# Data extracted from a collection

⁂

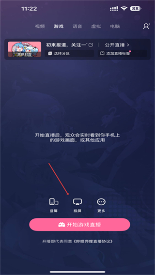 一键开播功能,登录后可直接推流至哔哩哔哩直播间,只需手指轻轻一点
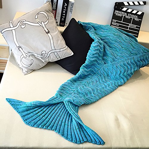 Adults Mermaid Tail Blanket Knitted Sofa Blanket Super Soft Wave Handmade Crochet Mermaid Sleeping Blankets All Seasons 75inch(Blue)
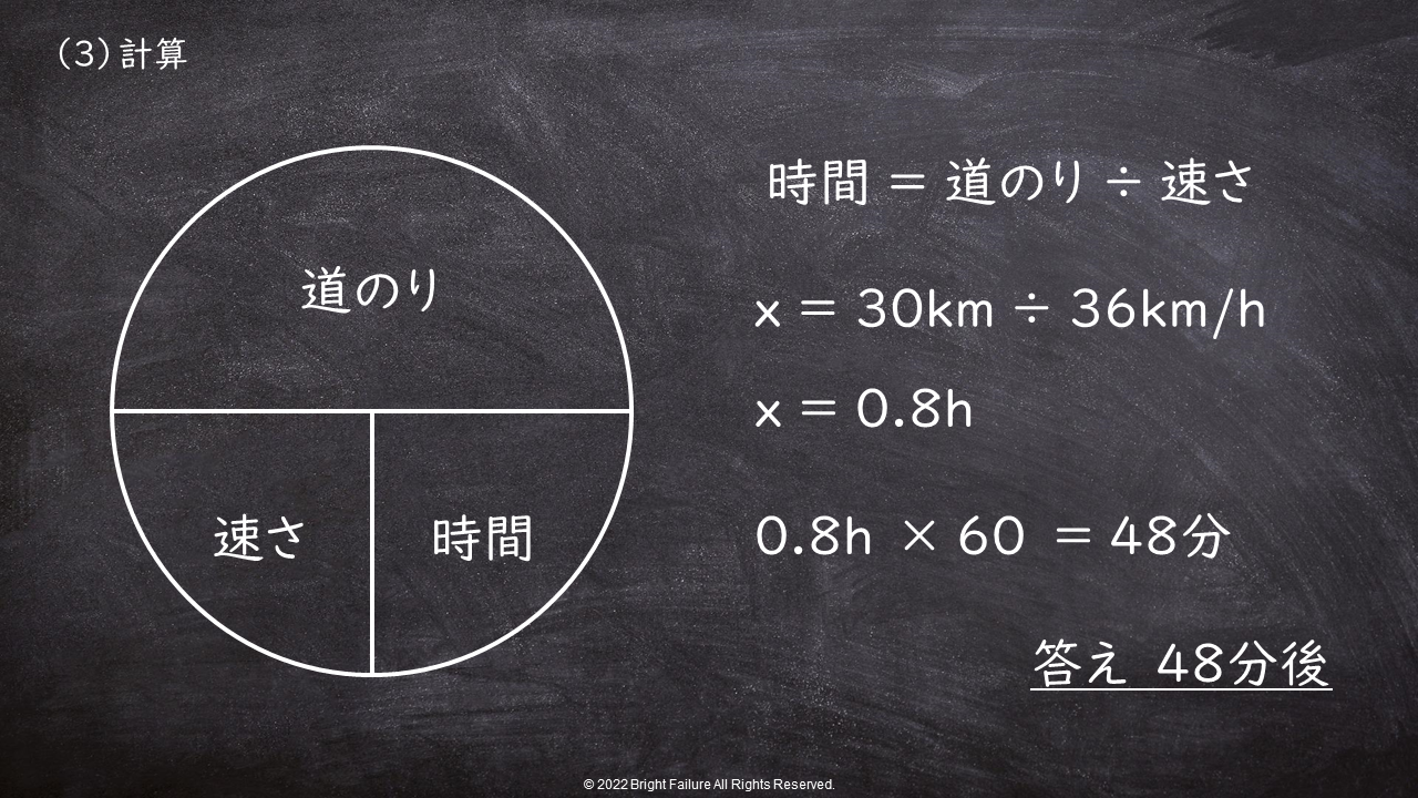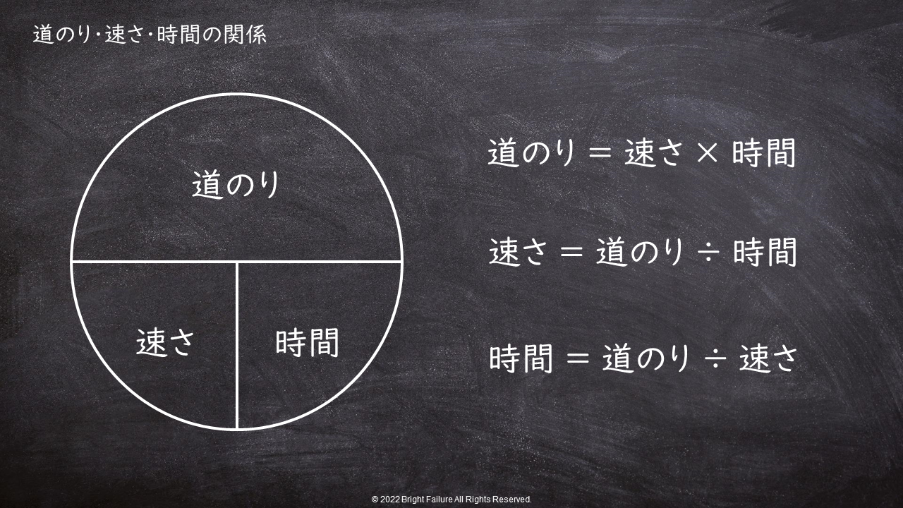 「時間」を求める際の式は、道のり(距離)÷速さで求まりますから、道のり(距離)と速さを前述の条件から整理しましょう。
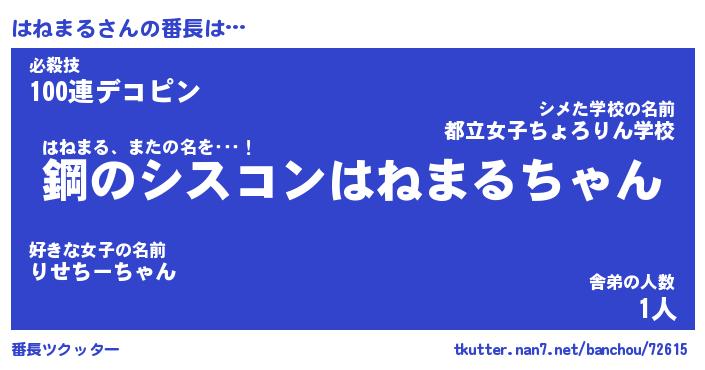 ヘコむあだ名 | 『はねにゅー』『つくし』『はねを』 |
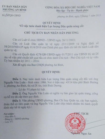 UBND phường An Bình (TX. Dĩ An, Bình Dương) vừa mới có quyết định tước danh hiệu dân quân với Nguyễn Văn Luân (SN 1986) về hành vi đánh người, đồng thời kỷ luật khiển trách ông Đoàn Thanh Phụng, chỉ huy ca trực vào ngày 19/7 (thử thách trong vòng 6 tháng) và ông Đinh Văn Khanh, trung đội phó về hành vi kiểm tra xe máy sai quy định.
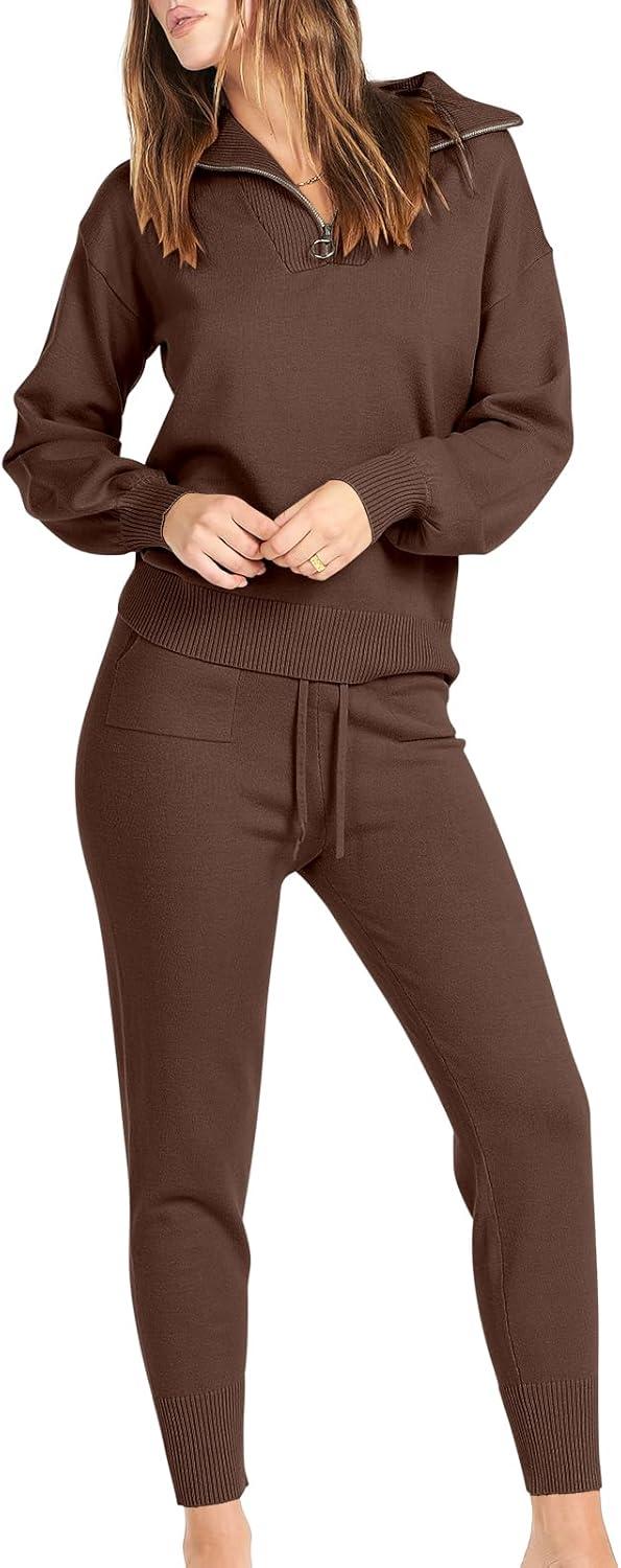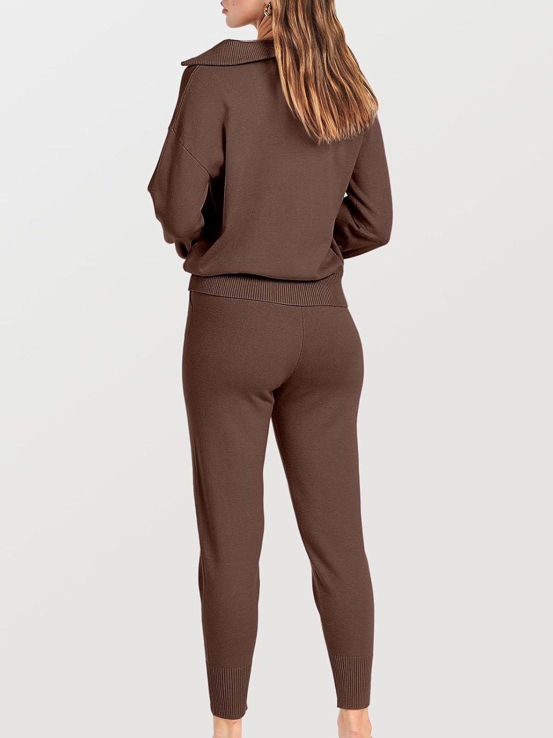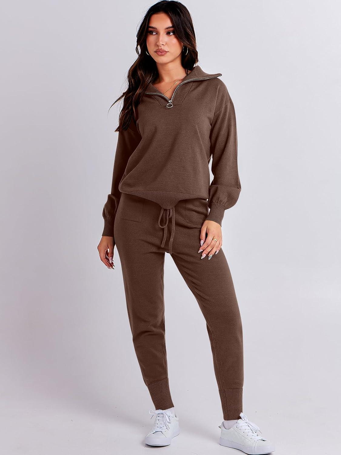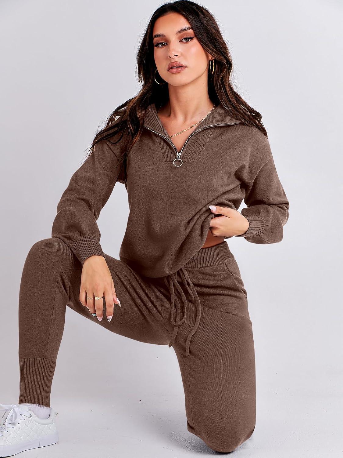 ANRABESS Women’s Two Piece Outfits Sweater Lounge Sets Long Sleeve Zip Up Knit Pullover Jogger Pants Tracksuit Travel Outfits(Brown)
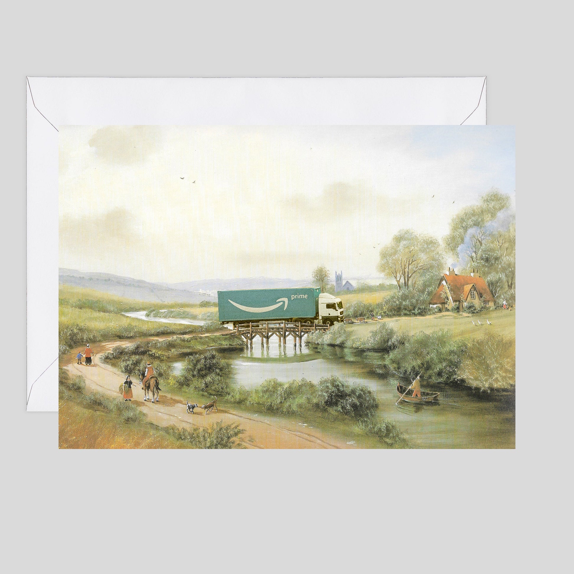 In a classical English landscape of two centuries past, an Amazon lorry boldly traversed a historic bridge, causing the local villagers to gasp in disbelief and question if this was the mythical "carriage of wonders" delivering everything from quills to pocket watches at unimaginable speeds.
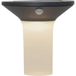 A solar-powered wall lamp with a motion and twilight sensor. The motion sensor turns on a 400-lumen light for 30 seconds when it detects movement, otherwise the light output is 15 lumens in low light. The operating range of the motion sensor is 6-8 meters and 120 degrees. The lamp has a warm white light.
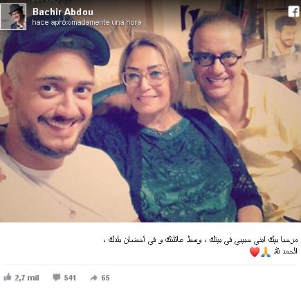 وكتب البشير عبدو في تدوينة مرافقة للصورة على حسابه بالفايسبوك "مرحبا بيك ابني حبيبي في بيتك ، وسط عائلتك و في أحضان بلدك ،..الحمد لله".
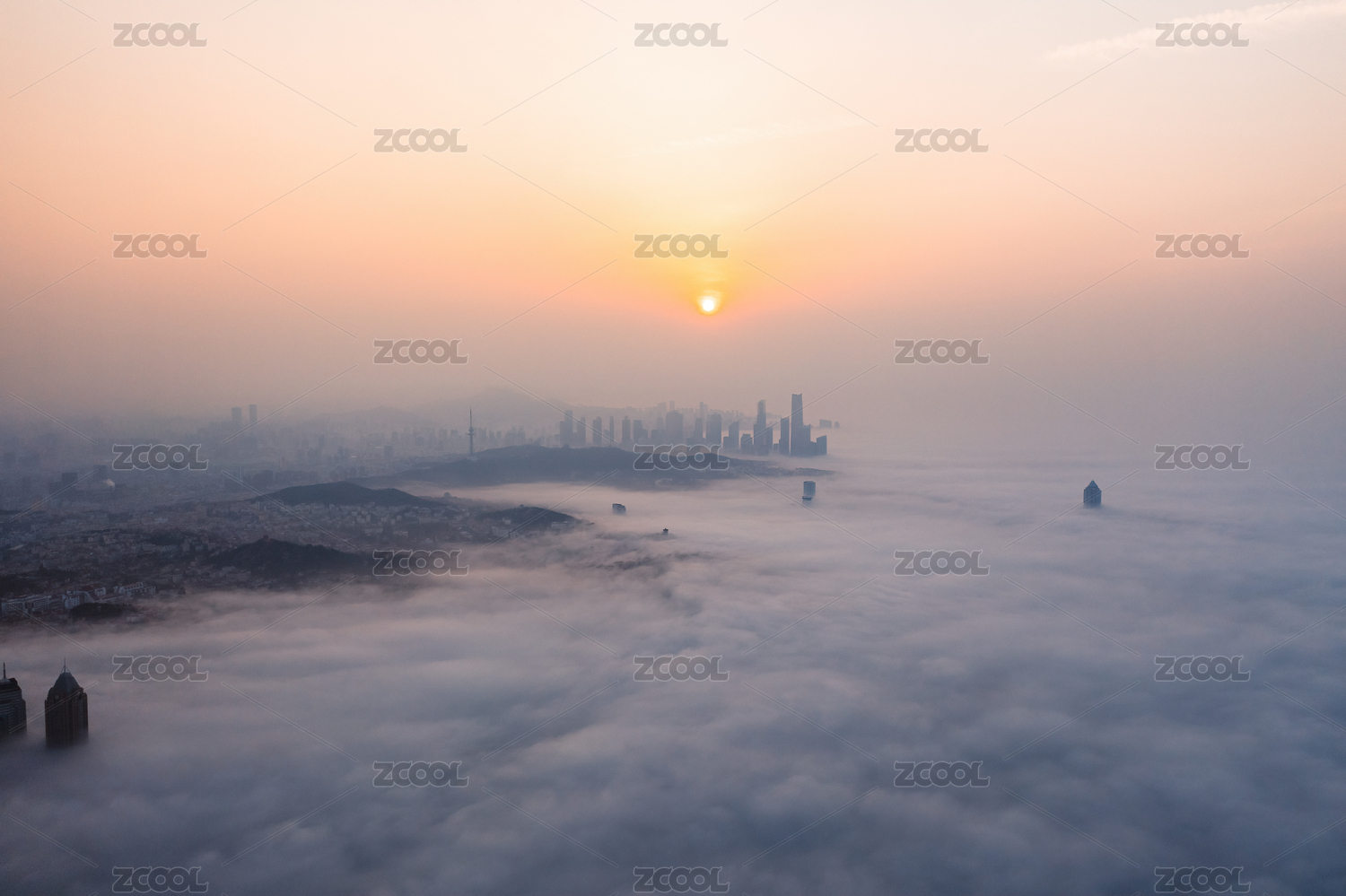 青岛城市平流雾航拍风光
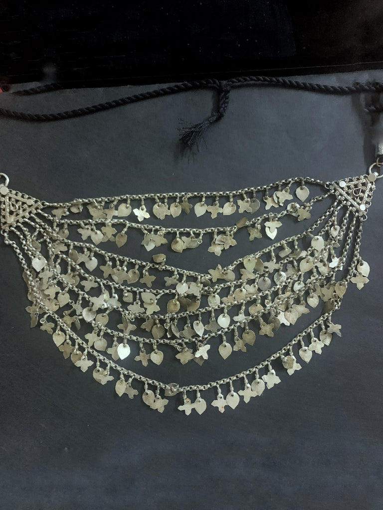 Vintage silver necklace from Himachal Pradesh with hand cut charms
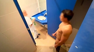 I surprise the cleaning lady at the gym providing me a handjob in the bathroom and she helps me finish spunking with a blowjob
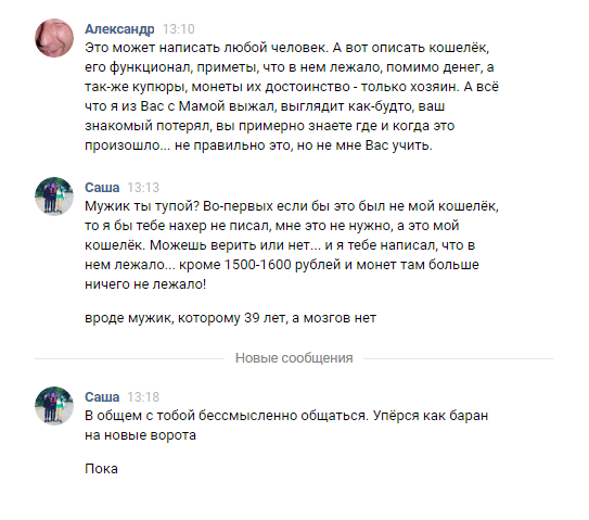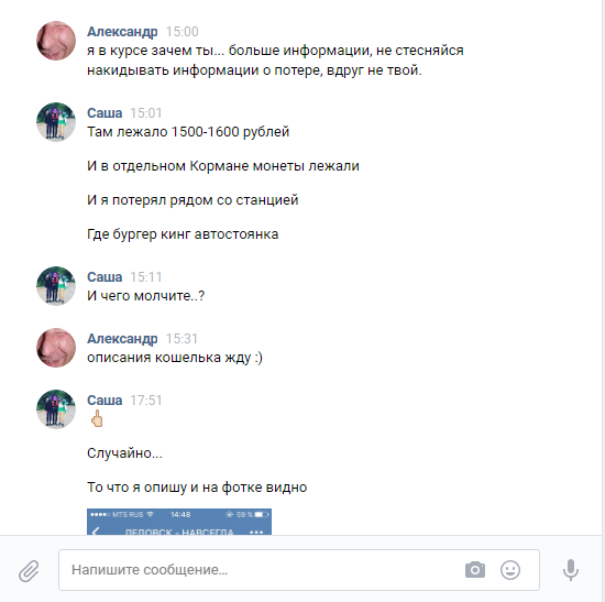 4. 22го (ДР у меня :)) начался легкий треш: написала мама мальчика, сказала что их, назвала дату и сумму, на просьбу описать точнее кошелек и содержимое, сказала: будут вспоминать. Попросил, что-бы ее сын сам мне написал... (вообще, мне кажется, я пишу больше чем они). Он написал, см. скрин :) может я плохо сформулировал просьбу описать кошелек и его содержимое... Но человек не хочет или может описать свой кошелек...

⁂

Working from the records above, reproduce exactly the lines from the one with "I surprise the" through the last line, without the pictures.

 I surprise the cleaning lady at the gym providing me a handjob in the bathroom and she helps me finish spunking with a blowjob
 4. 22го (ДР у меня :)) начался легкий треш: написала мама мальчика, сказала что их, назвала дату и сумму, на просьбу описать точнее кошелек и содержимое, сказала: будут вспоминать. Попросил, что-бы ее сын сам мне написал... (вообще, мне кажется, я пишу больше чем они). Он написал, см. скрин :) может я плохо сформулировал просьбу описать кошелек и его содержимое... Но человек не хочет или может описать свой кошелек...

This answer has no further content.